Task description.
Reproduce word for word the lines between the one containing "1x4 inch patches" and the end of the entries below, both inclusive; leave out pictures.
——
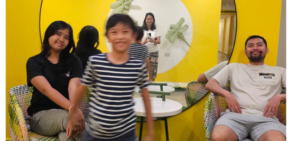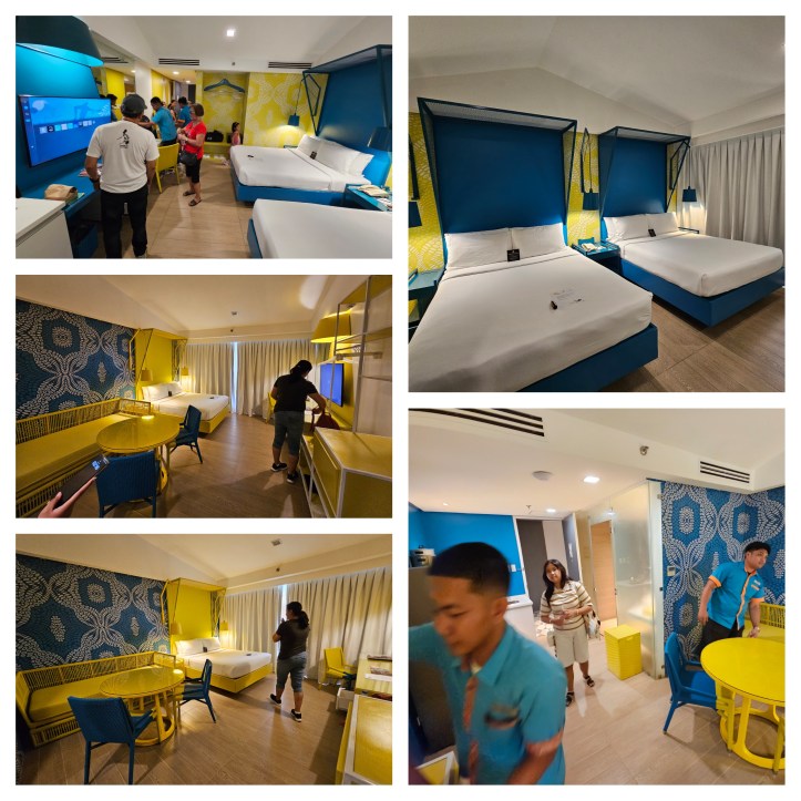 Gooya’s room is blue themed, while Tita’s room is yellow, with a mini sala. π After resting in our rooms for a bit, we changed to our swimming suits and headed to the pool.
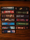 1x4 inch patches printed with spine labels of classic VHS movies. Iron-on.
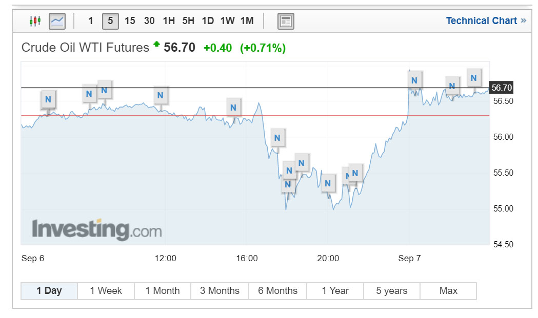 Đầu phiên giao dịch ngày 8/9 (theo giờ Việt Nam), giá dầu tiếp tục tăng. Dầu WTI tăng 0,7% lên 56,8 USD/thùng, giá dầu Brent giao kỳ hạn tháng 11/2019 tăng hơn 1% lên 61,62 USD/thùng.
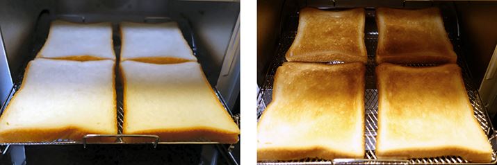 強い火力で、トーストは最大4枚が約5分で焼けて便利(左がトースト前、右がトースト後)。 冷凍パンのトーストメニューもある
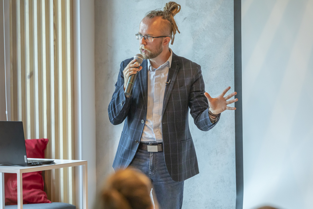 dr Łukasz Lamża podczas wygłaszania wykładu
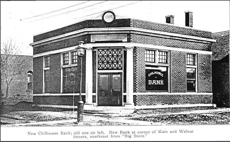 By the turn of the century, the new town of Chilhowee had expanded significantly, while the original settlement became known as Old Town. The town featured three general stores, a drugstore, a restaurant, two churches, a post office, a barbershop, a livery stable, two blacksmith shops, a telephone exchange, a lumber yard, and various other establishments. A railroad depot was constructed, and the town’s first bank, a brick structure, was established around 1900 by a man named Clevenger, whose fine home still stands today. In 1890, a newspaper, The Chilhowee News, was founded and initially edited by Victor Waters, followed by C. A. Crumbaugh. Though it experienced several interruptions, the newspaper continued publication under various editors until the 1940s.
——
Written response.
 1x4 inch patches printed with spine labels of classic VHS movies. Iron-on.
 Đầu phiên giao dịch ngày 8/9 (theo giờ Việt Nam), giá dầu tiếp tục tăng. Dầu WTI tăng 0,7% lên 56,8 USD/thùng, giá dầu Brent giao kỳ hạn tháng 11/2019 tăng hơn 1% lên 61,62 USD/thùng.
 強い火力で、トーストは最大4枚が約5分で焼けて便利(左がトースト前、右がトースト後)。 冷凍パンのトーストメニューもある
 dr Łukasz Lamża podczas wygłaszania wykładu
 By the turn of the century, the new town of Chilhowee had expanded significantly, while the original settlement became known as Old Town. The town featured three general stores, a drugstore, a restaurant, two churches, a post office, a barbershop, a livery stable, two blacksmith shops, a telephone exchange, a lumber yard, and various other establishments. A railroad depot was constructed, and the town’s first bank, a brick structure, was established around 1900 by a man named Clevenger, whose fine home still stands today. In 1890, a newspaper, The Chilhowee News, was founded and initially edited by Victor Waters, followed by C. A. Crumbaugh. Though it experienced several interruptions, the newspaper continued publication under various editors until the 1940s.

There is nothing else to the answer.